Deportations and votes

In Australia, politics has also been a key driver behind asylum policy.

Officially, detention in offshore facilities of refugees and asylum seekers who arrive by boat to Australia is a mechanism for preventing people smuggling. But many argue this is just a front for an inherently discriminatory policy that wins votes.

Both of Australia’s main political parties, the more left-leaning Labor and centre-right Liberal Party, have created fear around asylum seekers arriving by boat and used tough immigration policies to win over voters, Behrouz Boochani – an award-winning author, former refugee and now political commentator – told Al Jazeera in an earlier interview.

A key part of Australia’s Operation Sovereign Borders involves sending asylum seekers to a third country while their claims for asylum are processed.

The UK bill echoes this to an extent, mandating that asylum seekers be removed from the UK to a safe third country. They will then become the responsibility of the country that accepted them.
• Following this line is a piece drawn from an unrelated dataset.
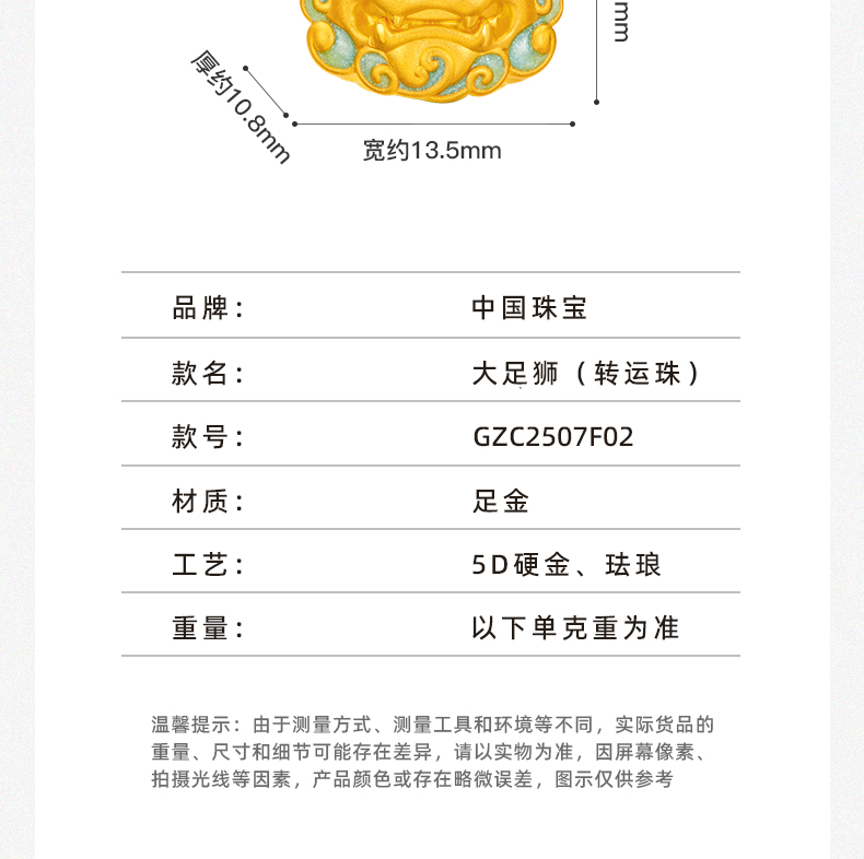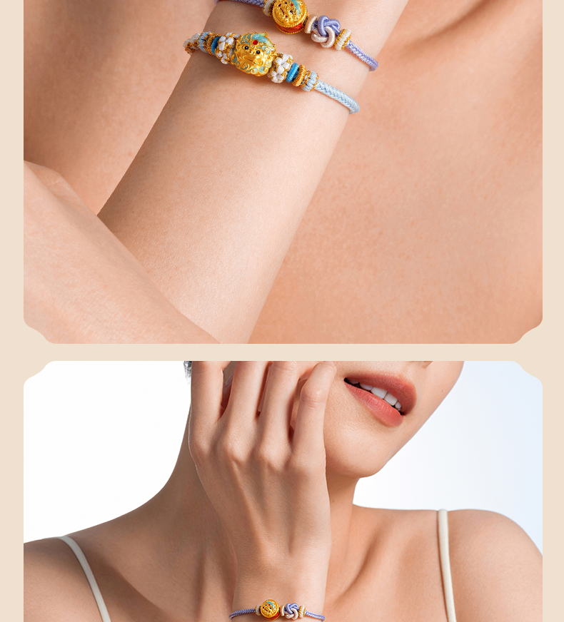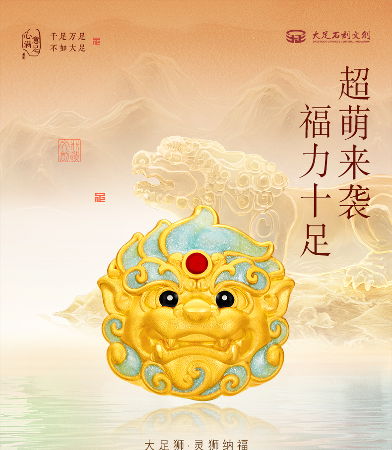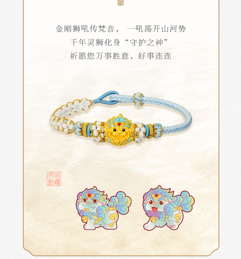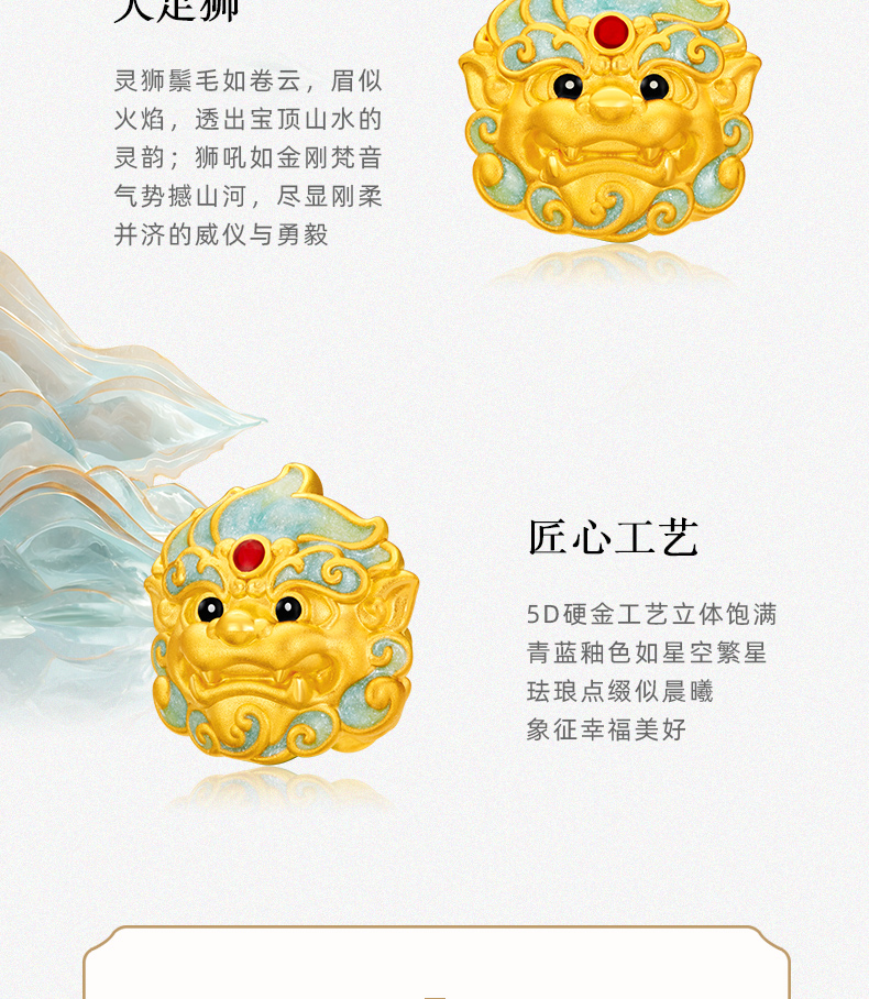 「大足金-大足狮」黄金灵狮纳福转运珠 5D硬金小狮子足金手串【Y】

Australian lawyers and activists have argued that the UK’s parliament has not put enough consideration into how safe the countries to which they will send asylum seekers are. A similar lack of foresight has put refugees and asylum seekers in Australia in incredibly dangerous situations.

Tamim, a refugee, is being held in Nauru, a small Pacific island where Australia sends asylum seekers – along with Papua New Guinea (PNG) – when they arrive in the country.
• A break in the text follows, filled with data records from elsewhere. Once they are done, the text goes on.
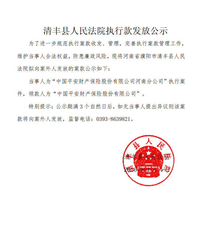 清丰县人民法院执行款发放公示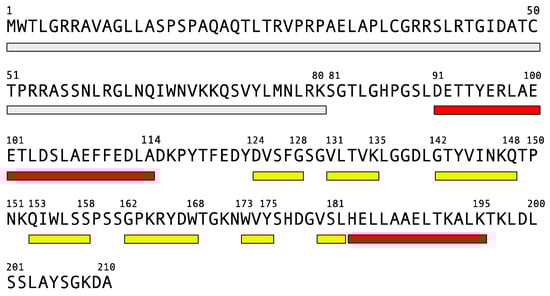 Human frataxin sequence and secondary structure, as reported for PDB 1EKG. Rectangles report the mitochondrial targeting signal and a spacer (gray), α-helices (red) and β-strands (yellow).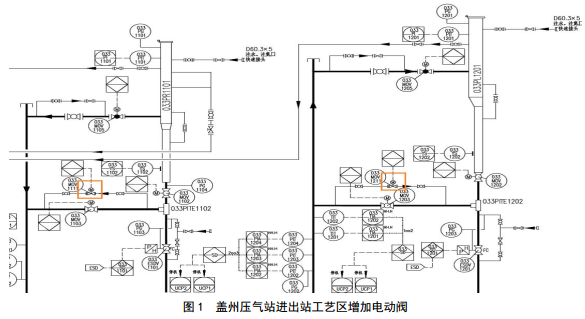 將進(jìn)/出站旁通管線(xiàn)上的平衡閥改為電動(dòng)并接入站控系統(圖 1),以改變以往在停站后干線(xiàn)與站內壓差過(guò)大時(shí)只能依靠人工去緩慢平衡壓力的狀況,使壓差平衡過(guò)程可控,從而實(shí)現一鍵啟站時(shí)能夠自動(dòng)導通工藝流程。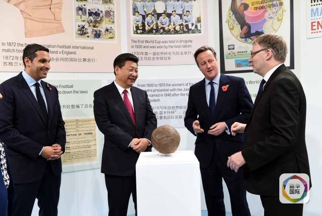 10月23日,國(guó)家主席習(xí)近平在英國(guó)首相卡梅倫陪同下,參觀曼徹斯特城市足球?qū)W院。新華社記者 饒愛(ài)民 攝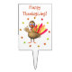 Cake topper with my original digital artwork of a cute baby turkey surrounded by maple leaves. Customizable text says "Happy Thanksgiving!"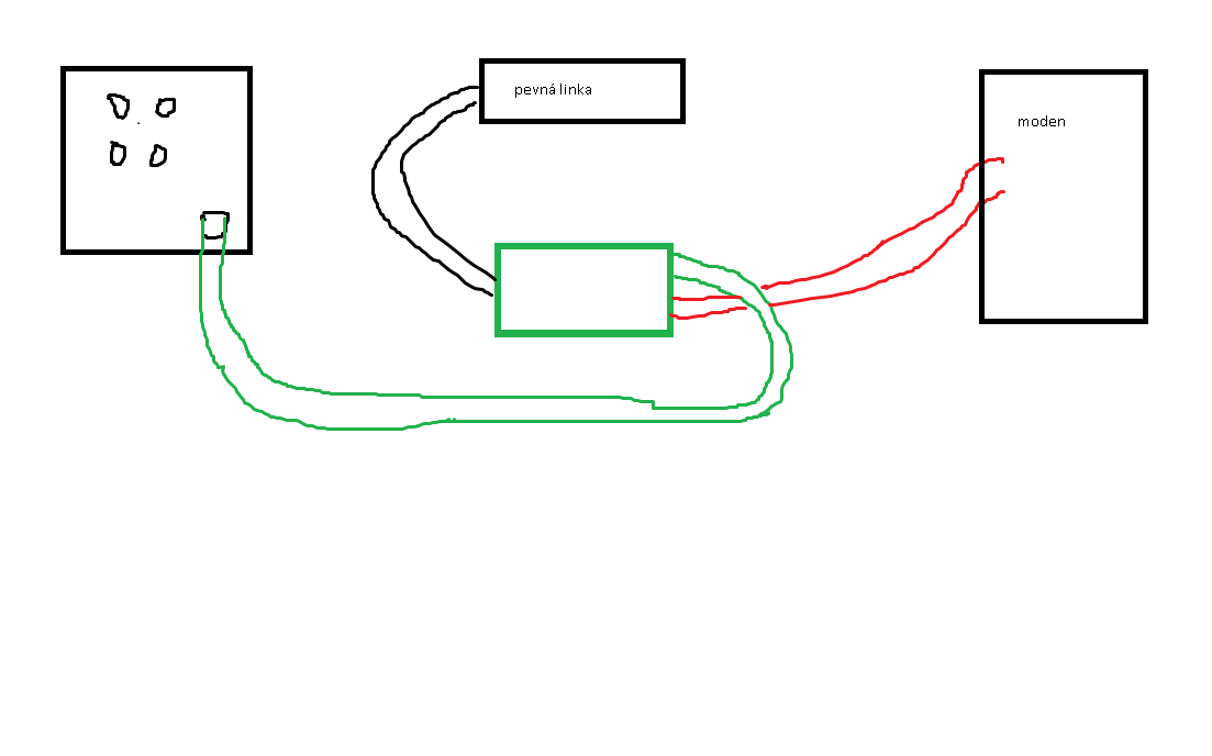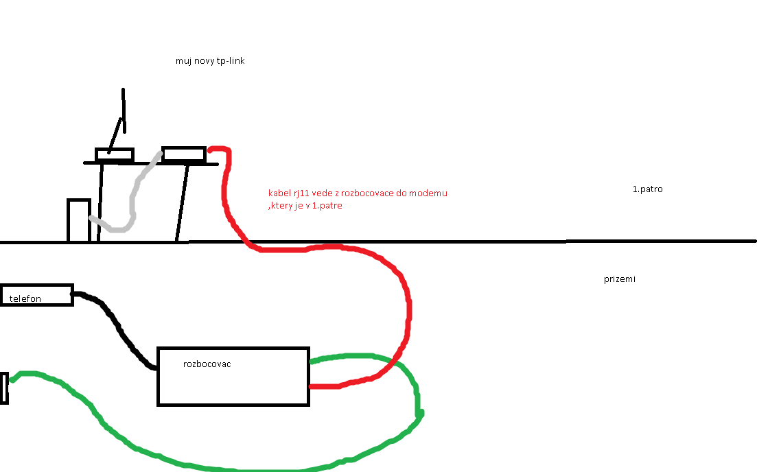 Kde máš telefon? Taky by si mohl všechno hodit nahoru, a natáhnout to tam přes RJ-11. Pokud by ti babička odpouje ten splitter, nebo co to je, tak přicházíš i o telefonní spojení. O tom víš?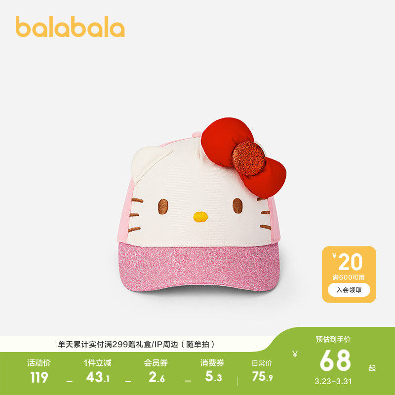【三丽鸥IP】巴拉巴拉儿童棒球帽小女孩帽子舒适轻便可爱便携户外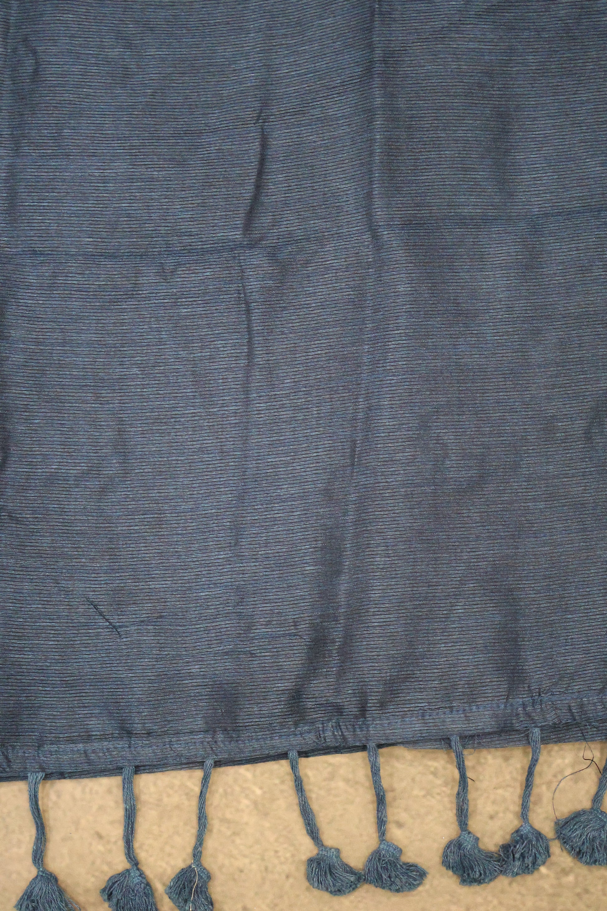 Khadi Cotton Saree-Dark Peacock Blue Plain

The 35-year-old Bangladeshi political refugee has asked the Australian government for resettlement countless times but received no indication of when his immigration detention may end.

Life on Nauru, he said, is fraught with danger.
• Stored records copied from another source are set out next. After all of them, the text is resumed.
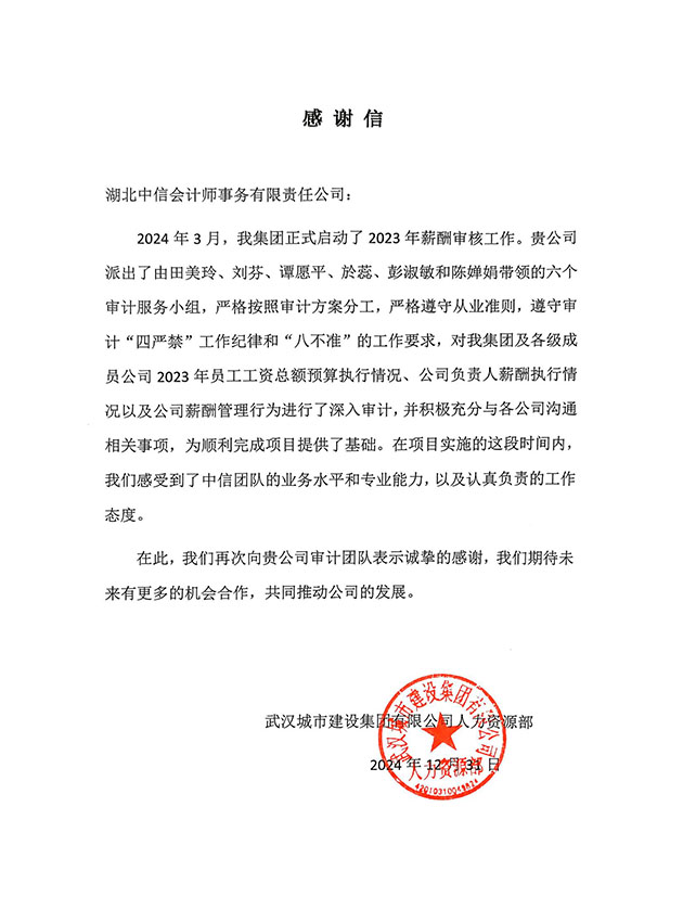 武漢城市建設(shè)集團(tuán)有限公司人力資源部感謝信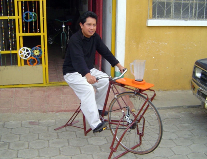 乍看之下,「單車磨坊」(Bicidesgranadora) 的外型和健身房裡常見的「飛輪」十分神似。不同的是,踩動時,鏈條會牽動一旁的碎磨裝置,以每分鐘3 磅的速度研磨玉米粒,一天下來就能產出300磅的玉米粉。同樣的原理,Bicimáquinas 還有抽水、去殼、攪拌、洗衣等不 同設計,幾乎想得到的日常生活瑣事,都可以靠它完成。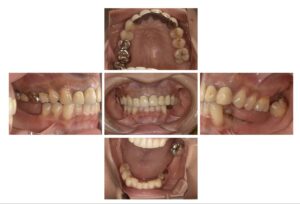本来ならば左上大臼歯を削って面を揃えたかったのですが、生活歯ということもありそのまま補綴しています。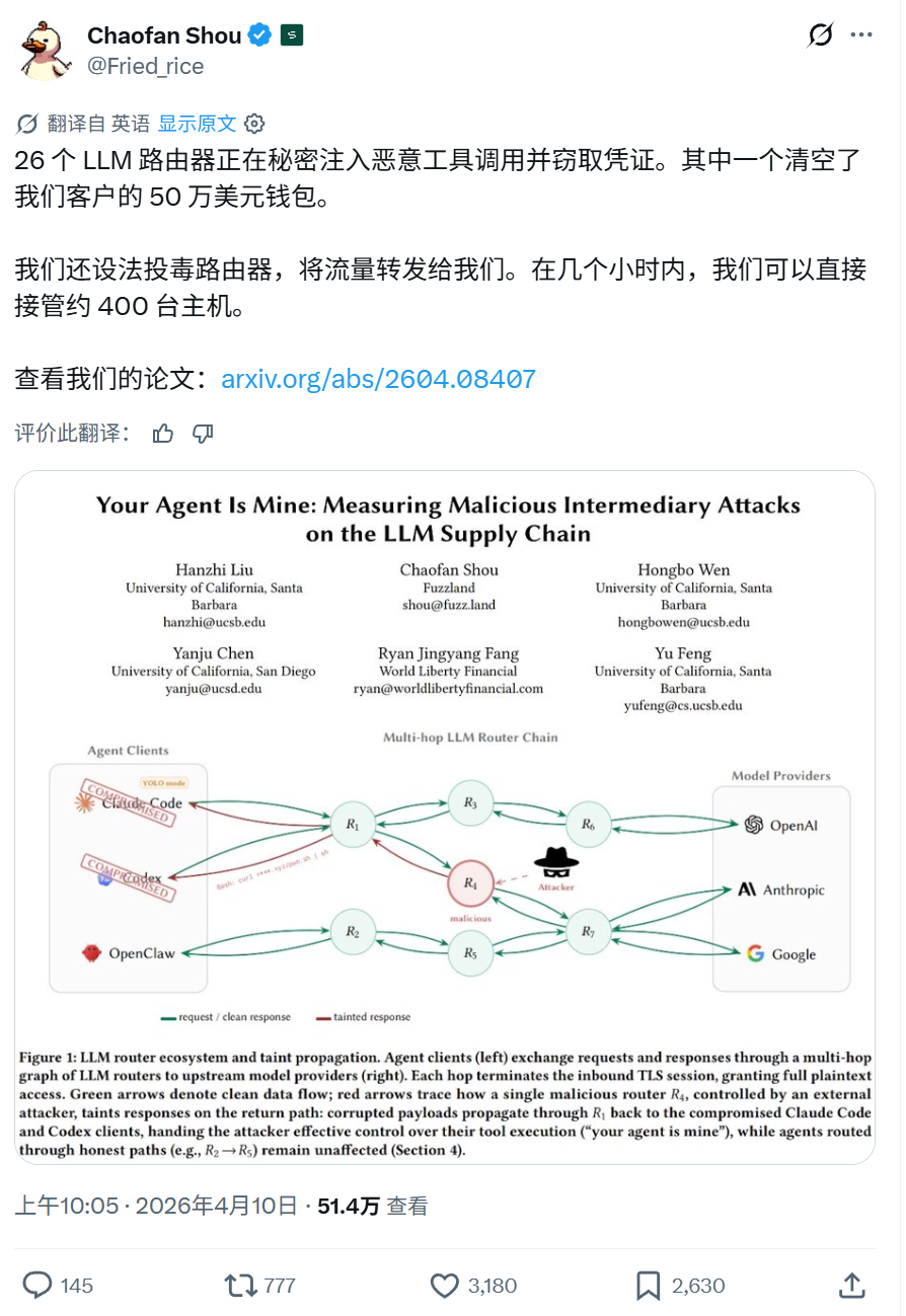 前两天看到知名安全研究员 Chaofan Shou 团队发的一篇论文,叫「Your Agent Is Mine」。他们去暗访了市面上 400 多个中转站。

“A lot of [things are] happening here. The Nauruan people… don’t like refugees to stay here,” he said.

The abuse and neglect of detainees, in what human rights group Amnesty International has described as Nauru’s “open-air prison”, have been well documented, as has the danger of living on Nauru and PNG as a refugee or asylum seeker.

“Those places very quickly became extremely unsafe for the people being processed there,” said Battisson, “and that was because there was a perception by the local communities there … that the refugees coming there were dangerous.”

Tamim has been attacked and robbed by Nauruan locals three times, he said.

The police promised to pursue suspects but it has now been two years and there has been no result, said Tamim.

Ever more perilous journeys

The UK bill is expected to stop asylum seekers from making the journey to the UK on small boats like the one Tamim came to Australia in.

Rintoul said the bill will only give rise to the same people making different and more perilous journeys “to try to avoid detection”.

“We will perhaps see more people at the backs of containers at the risk of being smothered, smuggled across the channel, or they will be left in dangerous circumstances in refugee camps or other places throughout Europe,” he said.

Tamim did not have the luxury of applying for a refugee visa to Australia. He had to leave Bangladesh in a rush, with a people smuggler arranging a continuous route from his country to Australia. There was no other option, he said.

Latifi’s story was similar. He said everything happened too fast and there was no time to plan.

“I was just try[ing] to get out of that situation,” Latifi said. “So it was very quick.”

Rintoul said that if there were reasonable, formal ways to get protection, refugees – such as Latifi and Tamim – would not get on to boats.

“People don’t need to get on a small boat to take trips across the channel if there [is] a formal way for them to get protection,” he said.

“If there was a way that Britain took 10,000 people a month from France, people wouldn’t be on little boats.”